• Activity: From the first line to the last, write out the records exactly, leaving the pictures behind.

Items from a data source
○ ○ ○

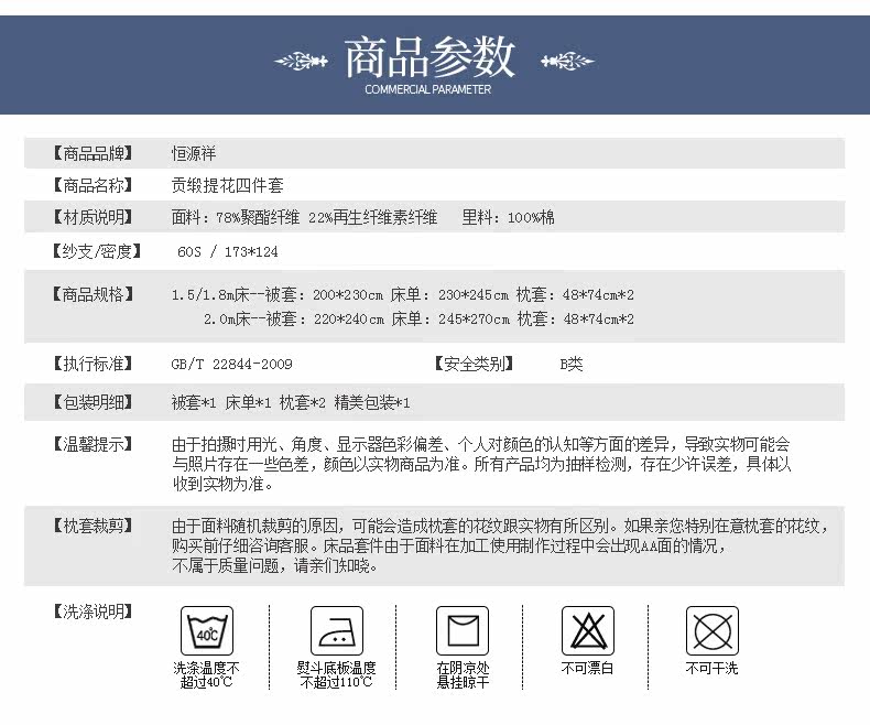 恒源祥 Покрывало, комплект, простыня, пододеяльник, 4 предмета, европейский стиль, 1.8м, 4 шт
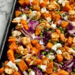 Keywords: Sheet pan dinner, buffalo chicken, sweet potato bowls, roasted vegetables, healthy dinner, easy weeknight meal
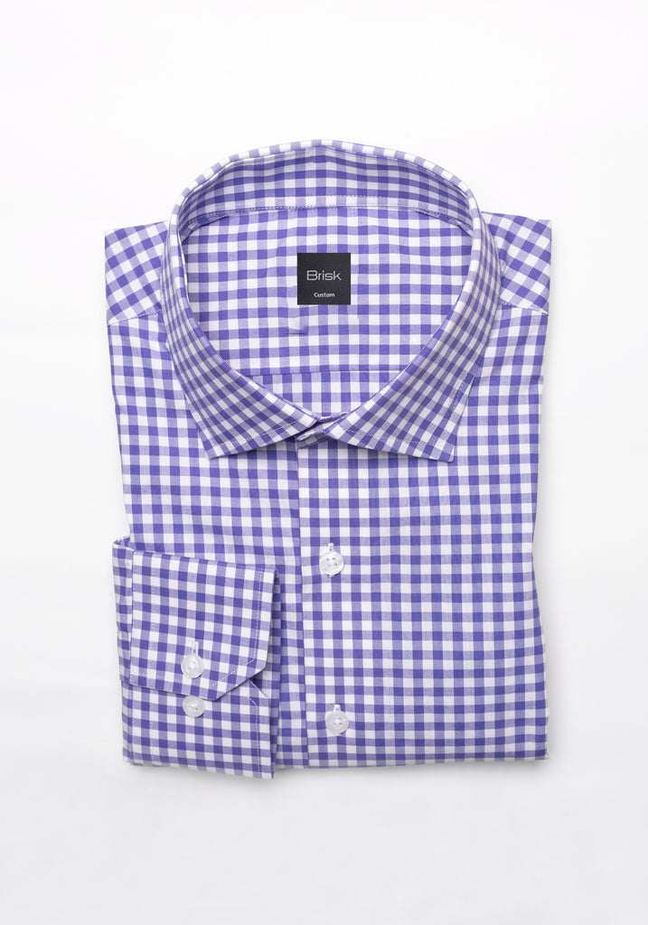 Purple Gingham Crisp Pima Cotton Shirt - Cutaway Classic Collar
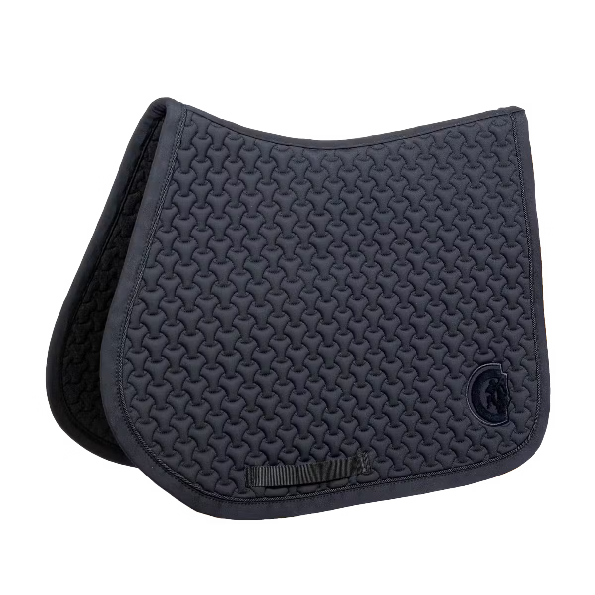 The Saddle Pad Plaited 3D Logo provides excellent cushioning between the horse’s back and the saddle while protecting from friction. The 3D logo on each side placed at the bottom of the saddle pad leaves the possibility to embroider your own logo if desired. This saddle pad is available in several colors that you can combine with our fly veils for a total stylish Kentucky look.
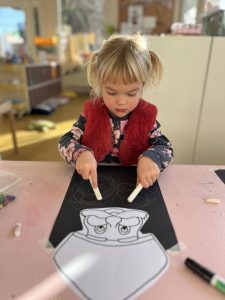 Maar Sint is meer dan kadootjes en verwondering. Sint is ook goed kijken hoe hij eruit ziet, benoemen en nieuwe woorden leren, vaardigheden al spelenderwijs oefenen. De baard van de Sint vol krullen werd met veel concentratie gevormd, met 2 handen tegelijk. Wat een uitdaging voor hoofd en handen. Knap gedaan !
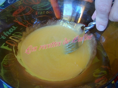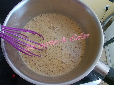 Versez progressivement cette préparation sur le mélange jaunes + sucre en mélangeant au fouet.

○ ○ ○

• Solved exercise:
 恒源祥 Покрывало, комплект, простыня, пододеяльник, 4 предмета, европейский стиль, 1.8м, 4 шт
 Keywords: Sheet pan dinner, buffalo chicken, sweet potato bowls, roasted vegetables, healthy dinner, easy weeknight meal
 Purple Gingham Crisp Pima Cotton Shirt - Cutaway Classic Collar
 The Saddle Pad Plaited 3D Logo provides excellent cushioning between the horse’s back and the saddle while protecting from friction. The 3D logo on each side placed at the bottom of the saddle pad leaves the possibility to embroider your own logo if desired. This saddle pad is available in several colors that you can combine with our fly veils for a total stylish Kentucky look.
 Maar Sint is meer dan kadootjes en verwondering. Sint is ook goed kijken hoe hij eruit ziet, benoemen en nieuwe woorden leren, vaardigheden al spelenderwijs oefenen. De baard van de Sint vol krullen werd met veel concentratie gevormd, met 2 handen tegelijk. Wat een uitdaging voor hoofd en handen. Knap gedaan !
 Versez progressivement cette préparation sur le mélange jaunes + sucre en mélangeant au fouet.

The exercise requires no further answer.